**Exercise details:** Return nothing but the lines from the line with "If you are looking" through the last line of the entries that follow, copied exactly and free of pictures.

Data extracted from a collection
-------

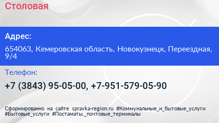 Столовая по адресу 654063, Кемеровская область, Новокузнецк, Переездная, 9/4 в дальнейшем Организация, размещена в следующих категориях:
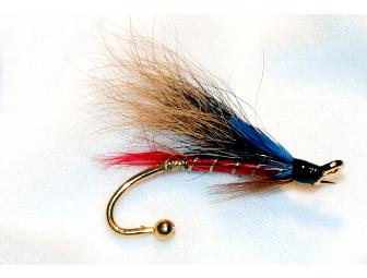 Hand-tied fly brooch pin in an elegant gold-engraved box. Gloria's years as an experienced fly tyer enhances the detail put into each fly brooch pin.
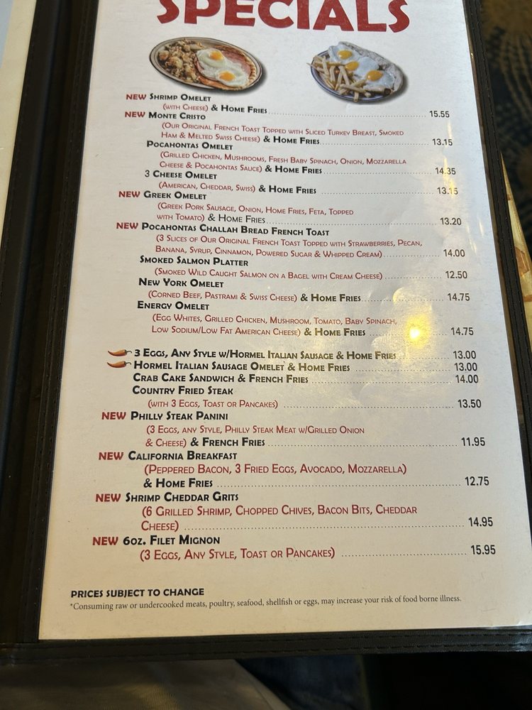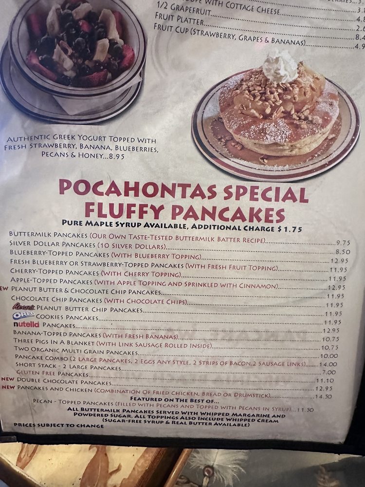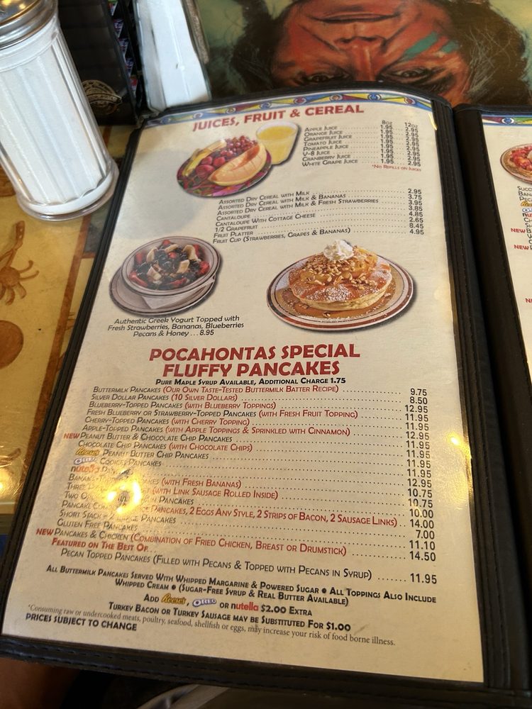 Welcome to Pocahontas Pancake House! Nestled in the vibrant heart of Virginia Beach, this bustling breakfast and brunch spot is a haven for food lovers. The menu is a delightful blend of classic and innovative dishes, focusing primarily on pancakes and hearty samplers. Signature offerings include delectable breakfast samplers loaded with pancakes, eggs, and sausage, sure to start your day right. For a twist, try their renowned Belgian waffle topped with fresh strawberries and Nutella.
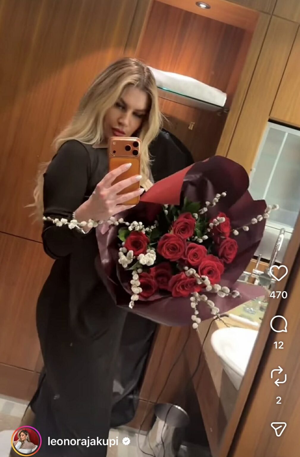 Në mesin e shumë urimeve dhe dhuratave që ka pranuar, Leonora ka pozuar me vetëm njërën nga to.
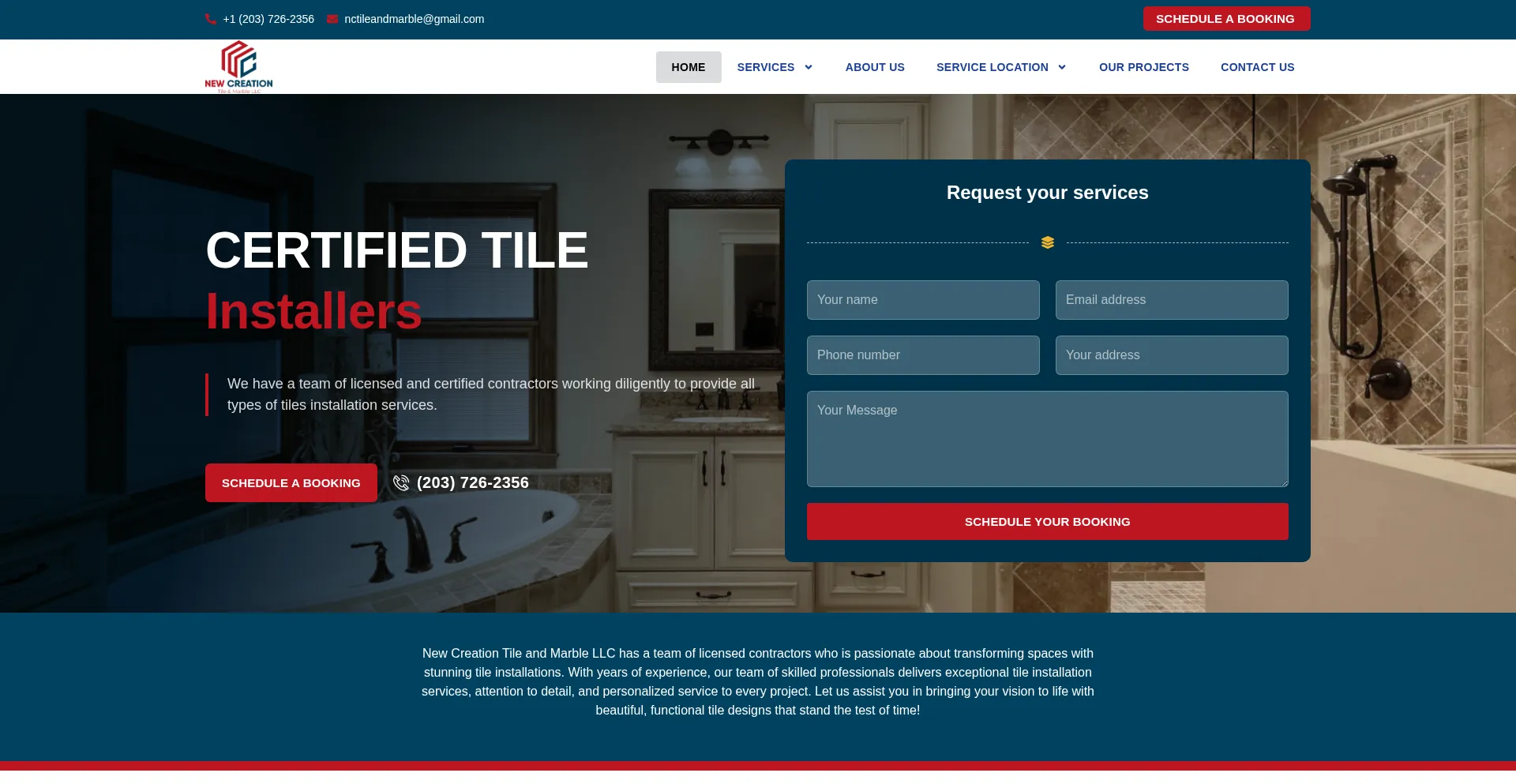 If you are looking for a professional for tile installation near Middletown, contact New Creation Tile and Marble LLC.
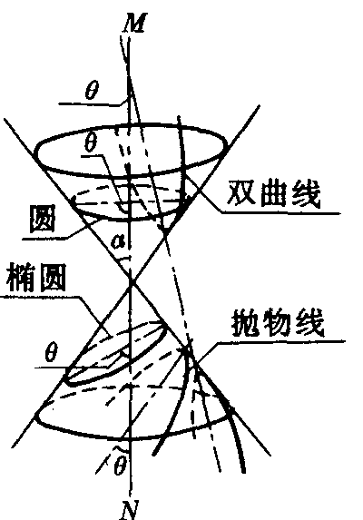 图2 圆锥曲线用一平面切割正圆锥时,得到的曲线。若平面P不通过锥顶,且不平行于任何母线,则截线为椭圆;若P不通过锥顶,而平行一条母线时,截线为抛物线;若P不通过锥顶,而平行于两条母线时,截线为双曲线;若P垂直于锥轴,截线为圆,可用二次方程表示。 |
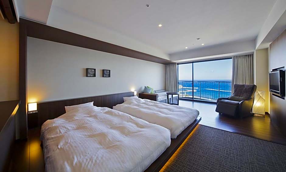 The quadruple room provides air conditioning, tatami, a balcony with sea views as well as a shared bathroom featuring a shower. The unit offers 4 beds.

-------

**Reply:**
 If you are looking for a professional for tile installation near Middletown, contact New Creation Tile and Marble LLC.
 图2 圆锥曲线用一平面切割正圆锥时,得到的曲线。若平面P不通过锥顶,且不平行于任何母线,则截线为椭圆;若P不通过锥顶,而平行一条母线时,截线为抛物线;若P不通过锥顶,而平行于两条母线时,截线为双曲线;若P垂直于锥轴,截线为圆,可用二次方程表示。 |
 The quadruple room provides air conditioning, tatami, a balcony with sea views as well as a shared bathroom featuring a shower. The unit offers 4 beds.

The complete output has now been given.